___ Information given ___

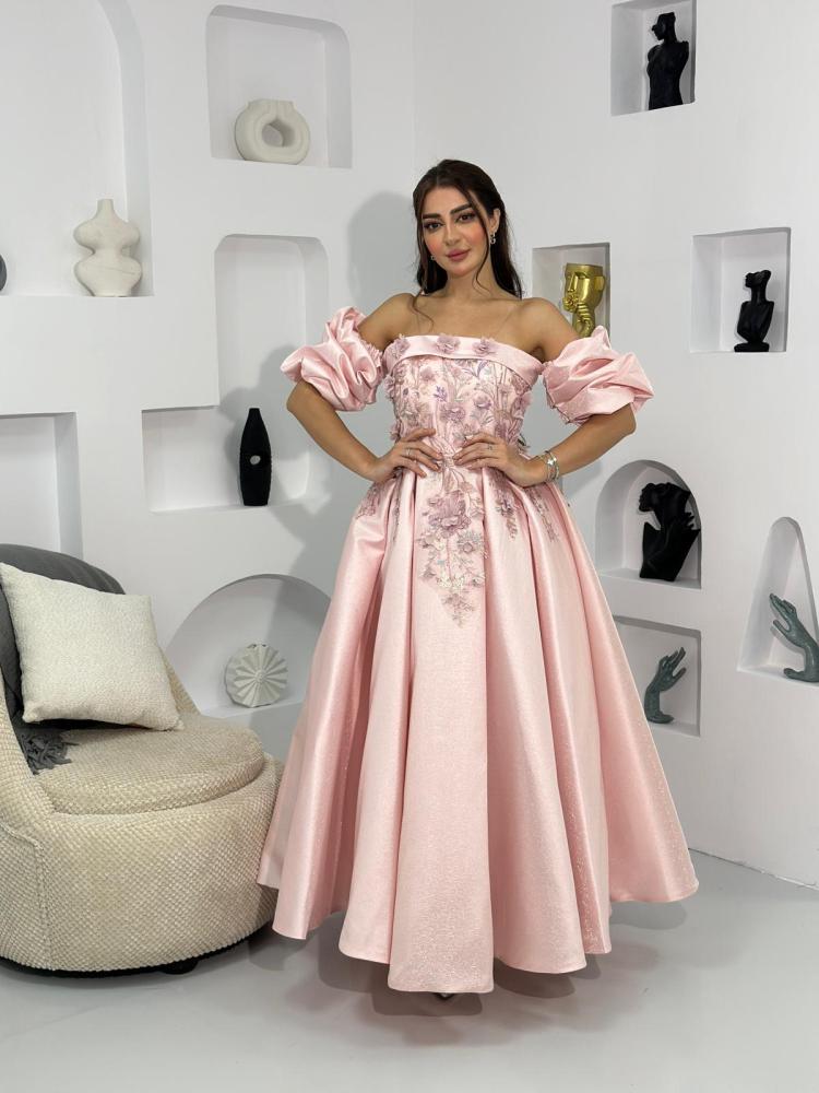 فستان سهرة فخم وراقي ومميز بتطريز انيق ليجعل الفستان يبدو أكثر اثارة و فخامة هذا الفستان مثالي للمناسبات الخاصة والسهرات الفاخرة.
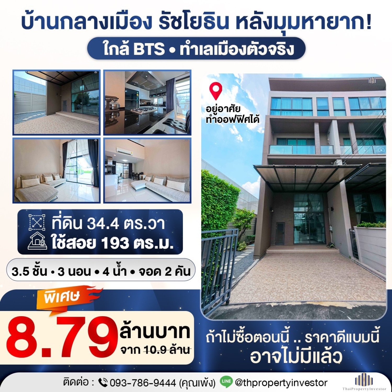 บ้านกลางเมืองรัชโยธิน ทำเลศักยภาพ ใกล้ BTS พร้อมใช้ชีวิตระดับเมือง!! ขายถูกบ้านกลางเมืองหลังมุมขนาด 34.4 ตร.วา ใช้สอย 193 ตร.ม.บ้านแบบนี้คนหามีเยอะ แต่ของมีไม่พอใครไวได้ก่อน !!
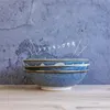 藍色と手描きの風合いを楽しむ器、ブラッシュブルー。 製造工程において色の濃淡や釉薬の流れ、柄のにじみなど、それぞれが違う出方になるのも特徴です。 それが個性となり唯一無二のものに。 手描きのような質感をお楽しみください。 和風にも洋風にも使っていただきたい、スタイリッシュなスモールボウルです。 煮物など汁気のある料理や、とんすい代わりの取り皿にもぴったりです。
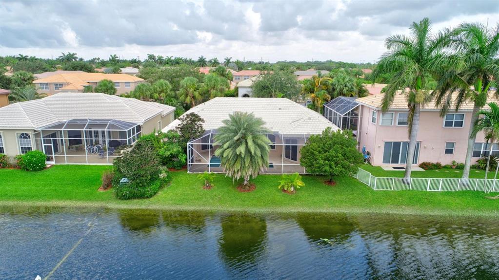 Beautifully renovated 4 bedroom, 2-1/2 bathrooms one-story pool home w breathtaking lake views. House has been freshly painted inside and new wood laminate has been installed in the bedrooms. Kitchen features dark custom cabinets, granite countertops, stainless steel appliances & breakfast bar. Master bathroom has slate tiles and jacuzzi tub, double sinks and separate shower. Master bedroom has custom closet treatments. Home has hurricane shutters. Community amenities include basic cable w HBO & Internet, clubhouse, heated pool, hot tub, sauna & steam room, gym offering free fitness classes, tennis programs at the tennis center, basketball, racquetball, soccer field, and racquetball courts. Residents can enjoy Happy Hour every other Friday at the Gazebo (BYOB). Close to all. A+ Schools.
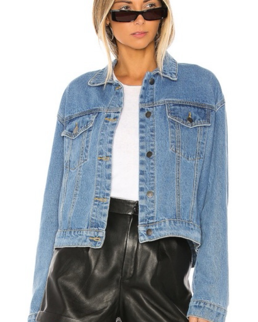 Superdown denim jacket with rhinestone fringe on back and sleeves. So fun for concerts, etc. Worn less than 5 times
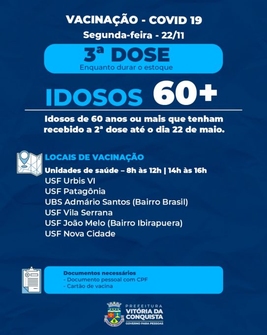 Por enquanto, a 3ª dose continua disponível apenas para os idosos de 60 anos ou mais que tenham tomado a 2ª dose até o dia 22 de maio, além das pessoas com imunossupressão que tomaram a 2ª dose até o dia 24 de outubro.
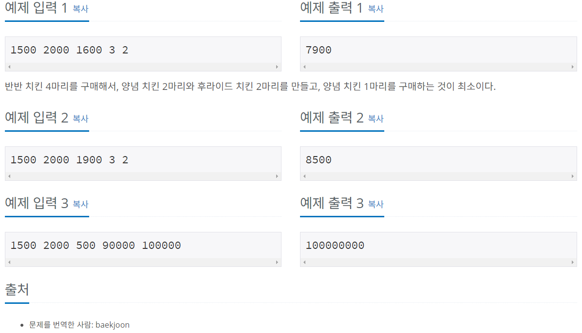 상도는 오늘 파티를 위해 양념 치킨 최소 X마리, 후라이드 치킨 최소 Y마리를 구매하려고 한다. 반반 치킨을 두 마리 구입해 양념 치킨 하나와 후라이드 치킨 하나를 만드는 방법도 가능하다. 상도가 치킨을 구매하는 금액의 최솟값을 구해보자.

___

*Your goal*. Quote the preceding records in their entirety, excluding every picture.

*Written solution*.
 فستان سهرة فخم وراقي ومميز بتطريز انيق ليجعل الفستان يبدو أكثر اثارة و فخامة هذا الفستان مثالي للمناسبات الخاصة والسهرات الفاخرة.
 บ้านกลางเมืองรัชโยธิน ทำเลศักยภาพ ใกล้ BTS พร้อมใช้ชีวิตระดับเมือง!! ขายถูกบ้านกลางเมืองหลังมุมขนาด 34.4 ตร.วา ใช้สอย 193 ตร.ม.บ้านแบบนี้คนหามีเยอะ แต่ของมีไม่พอใครไวได้ก่อน !!
 藍色と手描きの風合いを楽しむ器、ブラッシュブルー。 製造工程において色の濃淡や釉薬の流れ、柄のにじみなど、それぞれが違う出方になるのも特徴です。 それが個性となり唯一無二のものに。 手描きのような質感をお楽しみください。 和風にも洋風にも使っていただきたい、スタイリッシュなスモールボウルです。 煮物など汁気のある料理や、とんすい代わりの取り皿にもぴったりです。
 Beautifully renovated 4 bedroom, 2-1/2 bathrooms one-story pool home w breathtaking lake views. House has been freshly painted inside and new wood laminate has been installed in the bedrooms. Kitchen features dark custom cabinets, granite countertops, stainless steel appliances & breakfast bar. Master bathroom has slate tiles and jacuzzi tub, double sinks and separate shower. Master bedroom has custom closet treatments. Home has hurricane shutters. Community amenities include basic cable w HBO & Internet, clubhouse, heated pool, hot tub, sauna & steam room, gym offering free fitness classes, tennis programs at the tennis center, basketball, racquetball, soccer field, and racquetball courts. Residents can enjoy Happy Hour every other Friday at the Gazebo (BYOB). Close to all. A+ Schools.
 Superdown denim jacket with rhinestone fringe on back and sleeves. So fun for concerts, etc. Worn less than 5 times
 Por enquanto, a 3ª dose continua disponível apenas para os idosos de 60 anos ou mais que tenham tomado a 2ª dose até o dia 22 de maio, além das pessoas com imunossupressão que tomaram a 2ª dose até o dia 24 de outubro.
 상도는 오늘 파티를 위해 양념 치킨 최소 X마리, 후라이드 치킨 최소 Y마리를 구매하려고 한다. 반반 치킨을 두 마리 구입해 양념 치킨 하나와 후라이드 치킨 하나를 만드는 방법도 가능하다. 상도가 치킨을 구매하는 금액의 최솟값을 구해보자.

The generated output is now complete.